"""

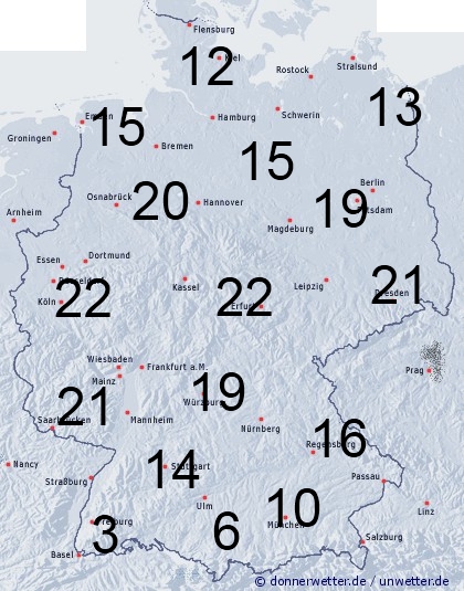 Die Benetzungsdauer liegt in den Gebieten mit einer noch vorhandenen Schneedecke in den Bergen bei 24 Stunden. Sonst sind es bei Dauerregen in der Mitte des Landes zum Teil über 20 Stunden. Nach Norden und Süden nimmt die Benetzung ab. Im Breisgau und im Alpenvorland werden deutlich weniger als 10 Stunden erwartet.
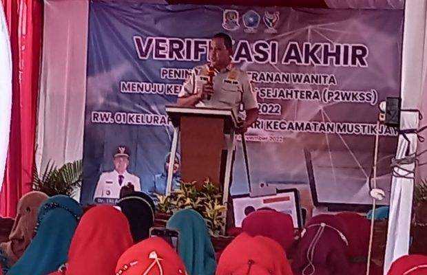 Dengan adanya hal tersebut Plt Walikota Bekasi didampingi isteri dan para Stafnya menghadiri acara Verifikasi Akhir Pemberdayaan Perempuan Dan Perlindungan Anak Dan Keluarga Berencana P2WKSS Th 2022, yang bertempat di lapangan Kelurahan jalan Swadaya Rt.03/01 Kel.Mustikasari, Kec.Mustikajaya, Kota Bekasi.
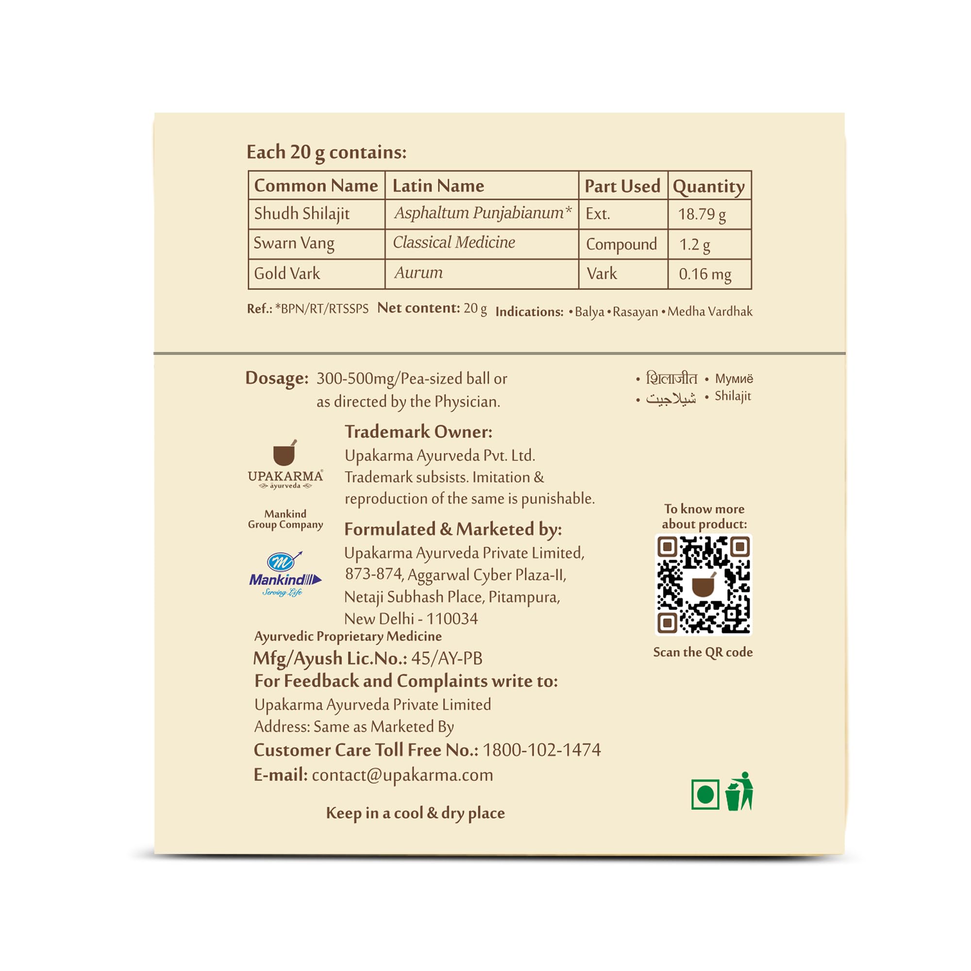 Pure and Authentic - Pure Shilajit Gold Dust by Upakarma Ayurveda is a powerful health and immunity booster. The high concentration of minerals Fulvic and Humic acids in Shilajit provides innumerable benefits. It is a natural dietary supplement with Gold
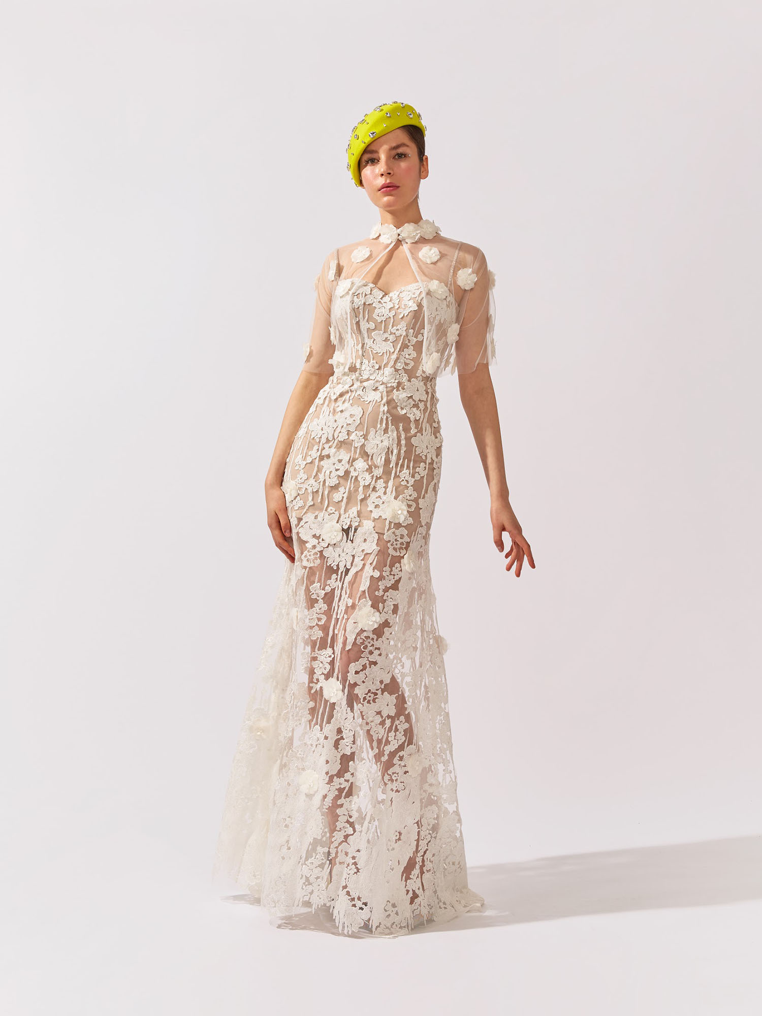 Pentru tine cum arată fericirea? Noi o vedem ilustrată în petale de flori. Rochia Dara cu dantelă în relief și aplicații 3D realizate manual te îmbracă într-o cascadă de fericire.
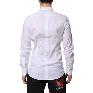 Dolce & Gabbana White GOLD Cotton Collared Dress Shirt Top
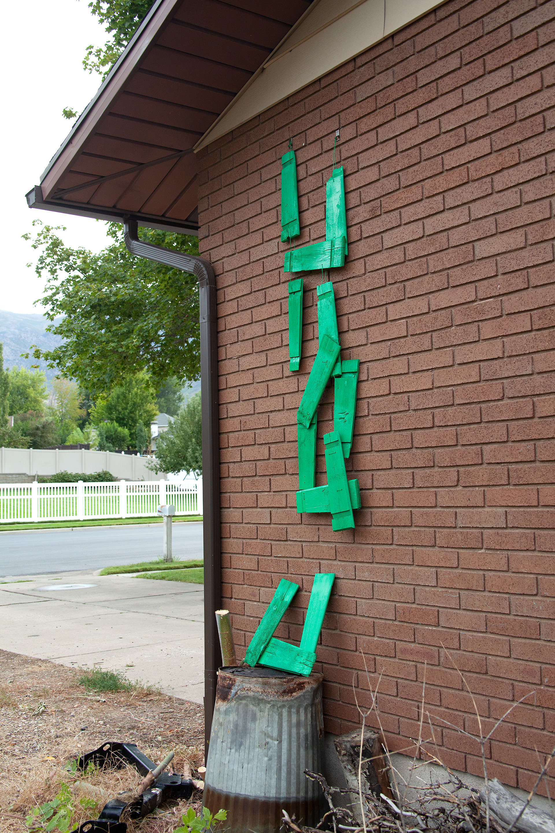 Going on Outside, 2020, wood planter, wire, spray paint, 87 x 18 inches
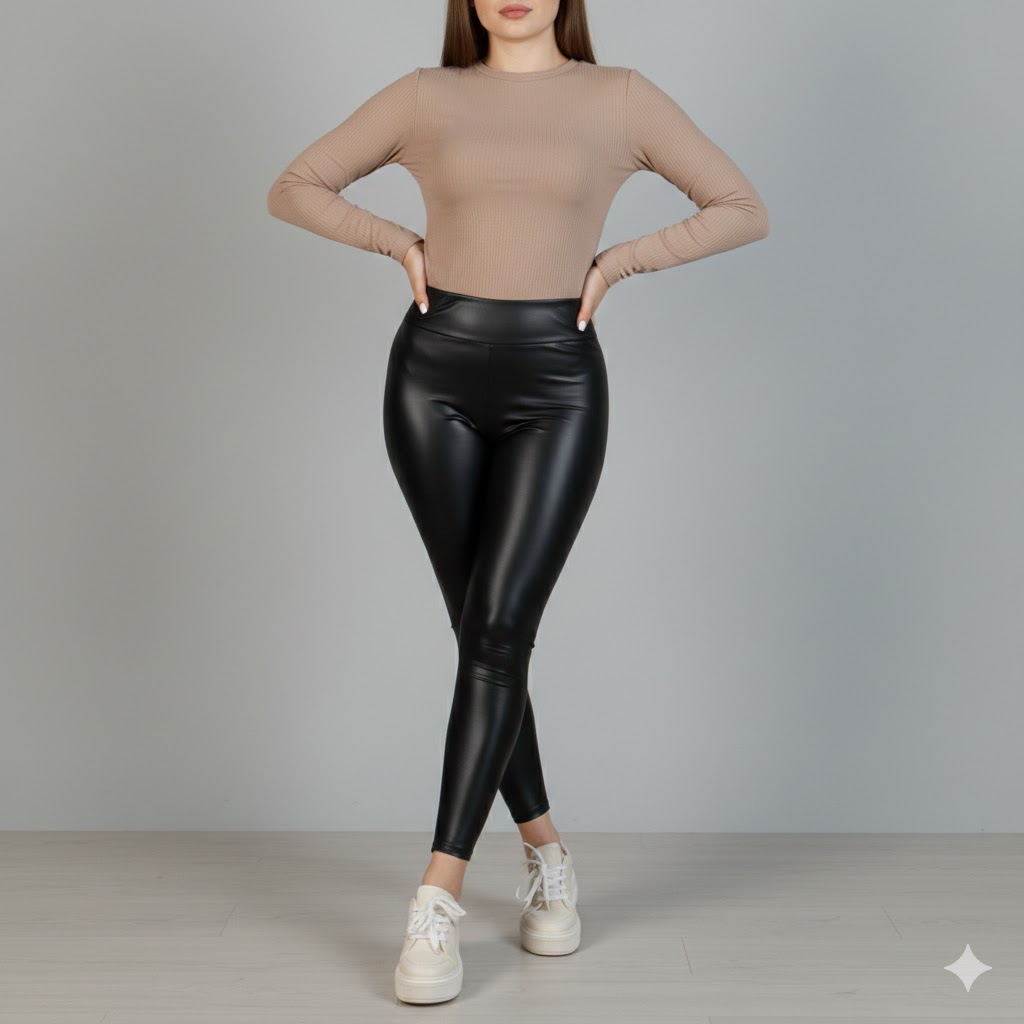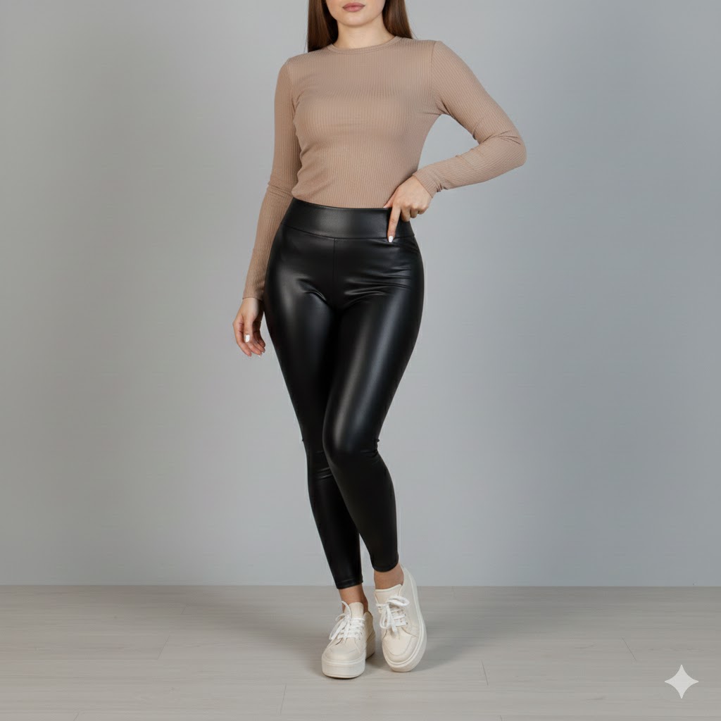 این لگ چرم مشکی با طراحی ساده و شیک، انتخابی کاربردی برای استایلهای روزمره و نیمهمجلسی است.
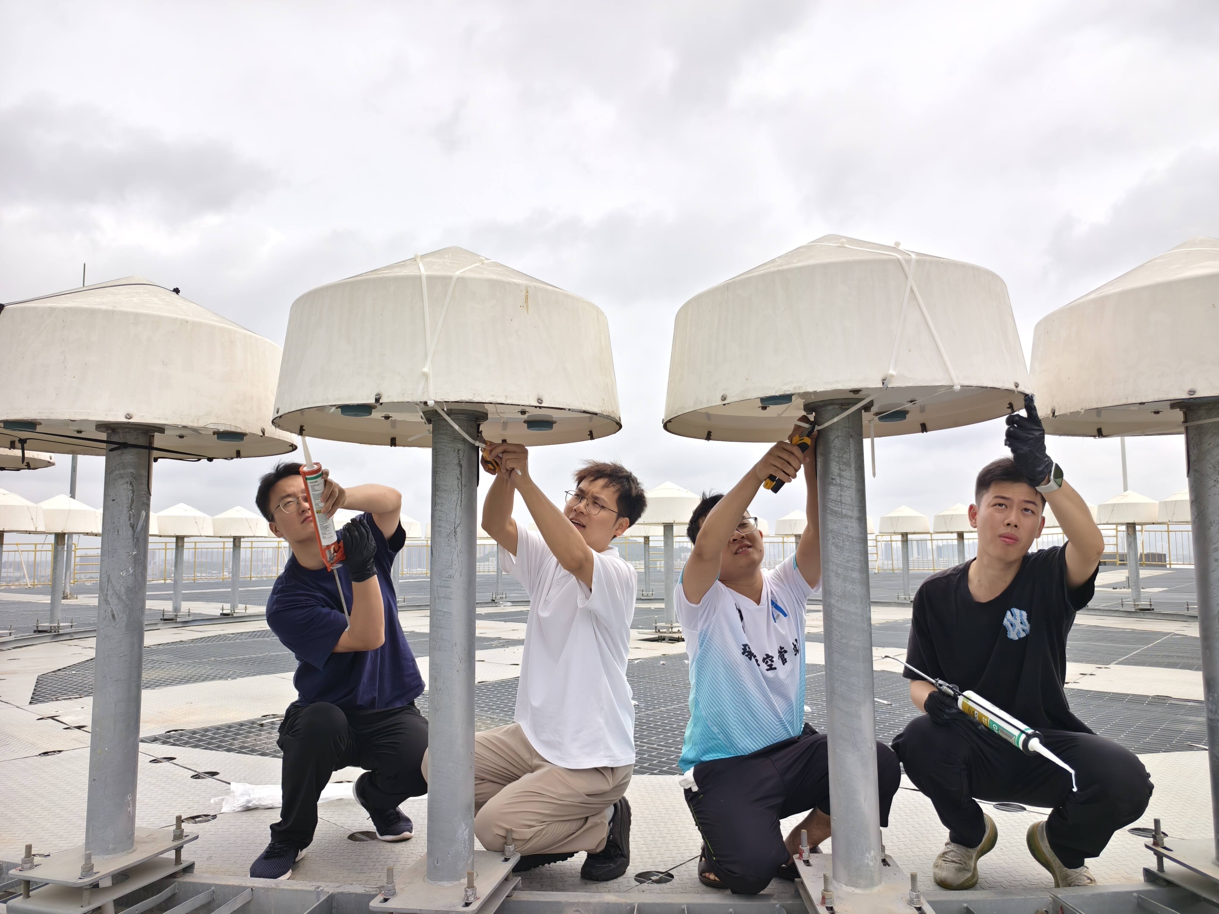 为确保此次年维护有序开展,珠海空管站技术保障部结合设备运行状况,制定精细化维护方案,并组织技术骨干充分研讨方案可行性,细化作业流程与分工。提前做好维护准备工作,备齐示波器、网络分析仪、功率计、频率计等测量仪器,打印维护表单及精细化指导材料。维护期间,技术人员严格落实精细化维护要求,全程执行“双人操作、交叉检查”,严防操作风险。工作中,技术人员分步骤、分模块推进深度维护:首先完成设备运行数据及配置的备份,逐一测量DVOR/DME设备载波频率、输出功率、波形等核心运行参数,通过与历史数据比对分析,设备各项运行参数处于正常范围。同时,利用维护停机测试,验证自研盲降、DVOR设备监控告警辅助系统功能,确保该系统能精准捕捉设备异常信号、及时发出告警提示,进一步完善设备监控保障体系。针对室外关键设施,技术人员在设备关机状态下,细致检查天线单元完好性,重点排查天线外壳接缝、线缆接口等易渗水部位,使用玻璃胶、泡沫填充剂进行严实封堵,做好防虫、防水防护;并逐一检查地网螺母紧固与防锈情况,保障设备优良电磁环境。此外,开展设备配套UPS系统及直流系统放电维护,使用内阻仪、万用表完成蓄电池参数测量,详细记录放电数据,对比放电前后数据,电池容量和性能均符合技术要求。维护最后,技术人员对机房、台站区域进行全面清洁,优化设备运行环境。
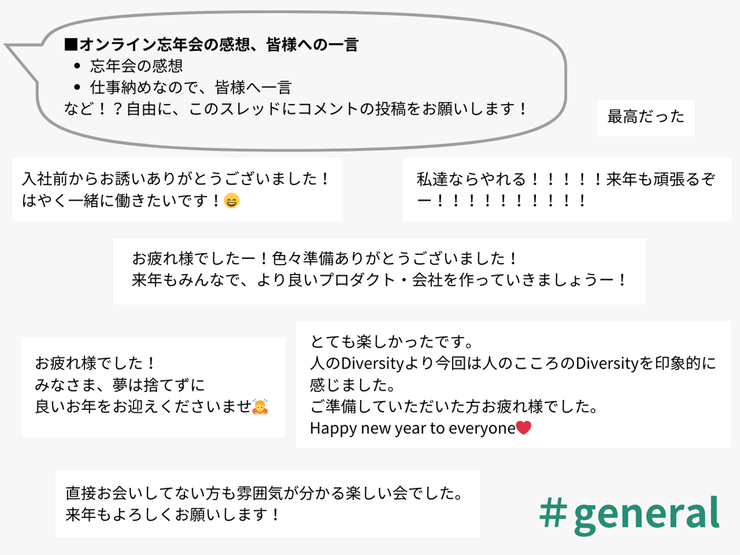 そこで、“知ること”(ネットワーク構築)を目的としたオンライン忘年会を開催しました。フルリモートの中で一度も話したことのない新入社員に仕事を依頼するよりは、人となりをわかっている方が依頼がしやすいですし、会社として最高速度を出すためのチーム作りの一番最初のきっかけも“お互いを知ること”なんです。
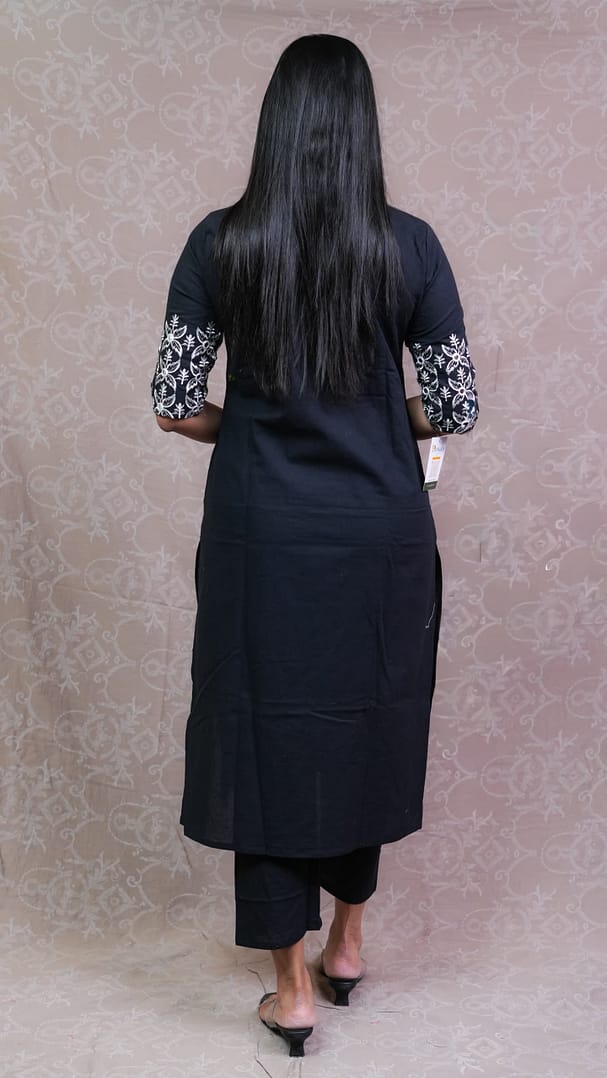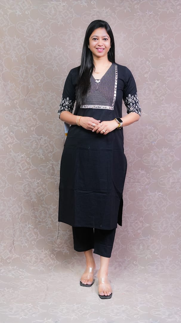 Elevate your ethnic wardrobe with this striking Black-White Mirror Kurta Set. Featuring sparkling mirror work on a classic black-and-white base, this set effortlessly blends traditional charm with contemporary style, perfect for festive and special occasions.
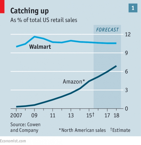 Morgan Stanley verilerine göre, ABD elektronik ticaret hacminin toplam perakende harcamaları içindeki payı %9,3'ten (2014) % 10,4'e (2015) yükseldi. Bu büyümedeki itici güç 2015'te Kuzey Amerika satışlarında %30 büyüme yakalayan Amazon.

"""

Output exactly and only the lines from the line containing "为确保此次年维护有序开展,珠" to the end of the entries, both included, and omit every picture.

Task answer ▸
 为确保此次年维护有序开展,珠海空管站技术保障部结合设备运行状况,制定精细化维护方案,并组织技术骨干充分研讨方案可行性,细化作业流程与分工。提前做好维护准备工作,备齐示波器、网络分析仪、功率计、频率计等测量仪器,打印维护表单及精细化指导材料。维护期间,技术人员严格落实精细化维护要求,全程执行“双人操作、交叉检查”,严防操作风险。工作中,技术人员分步骤、分模块推进深度维护:首先完成设备运行数据及配置的备份,逐一测量DVOR/DME设备载波频率、输出功率、波形等核心运行参数,通过与历史数据比对分析,设备各项运行参数处于正常范围。同时,利用维护停机测试,验证自研盲降、DVOR设备监控告警辅助系统功能,确保该系统能精准捕捉设备异常信号、及时发出告警提示,进一步完善设备监控保障体系。针对室外关键设施,技术人员在设备关机状态下,细致检查天线单元完好性,重点排查天线外壳接缝、线缆接口等易渗水部位,使用玻璃胶、泡沫填充剂进行严实封堵,做好防虫、防水防护;并逐一检查地网螺母紧固与防锈情况,保障设备优良电磁环境。此外,开展设备配套UPS系统及直流系统放电维护,使用内阻仪、万用表完成蓄电池参数测量,详细记录放电数据,对比放电前后数据,电池容量和性能均符合技术要求。维护最后,技术人员对机房、台站区域进行全面清洁,优化设备运行环境。
 そこで、“知ること”(ネットワーク構築)を目的としたオンライン忘年会を開催しました。フルリモートの中で一度も話したことのない新入社員に仕事を依頼するよりは、人となりをわかっている方が依頼がしやすいですし、会社として最高速度を出すためのチーム作りの一番最初のきっかけも“お互いを知ること”なんです。
 Elevate your ethnic wardrobe with this striking Black-White Mirror Kurta Set. Featuring sparkling mirror work on a classic black-and-white base, this set effortlessly blends traditional charm with contemporary style, perfect for festive and special occasions.
 Morgan Stanley verilerine göre, ABD elektronik ticaret hacminin toplam perakende harcamaları içindeki payı %9,3'ten (2014) % 10,4'e (2015) yükseldi. Bu büyümedeki itici güç 2015'te Kuzey Amerika satışlarında %30 büyüme yakalayan Amazon.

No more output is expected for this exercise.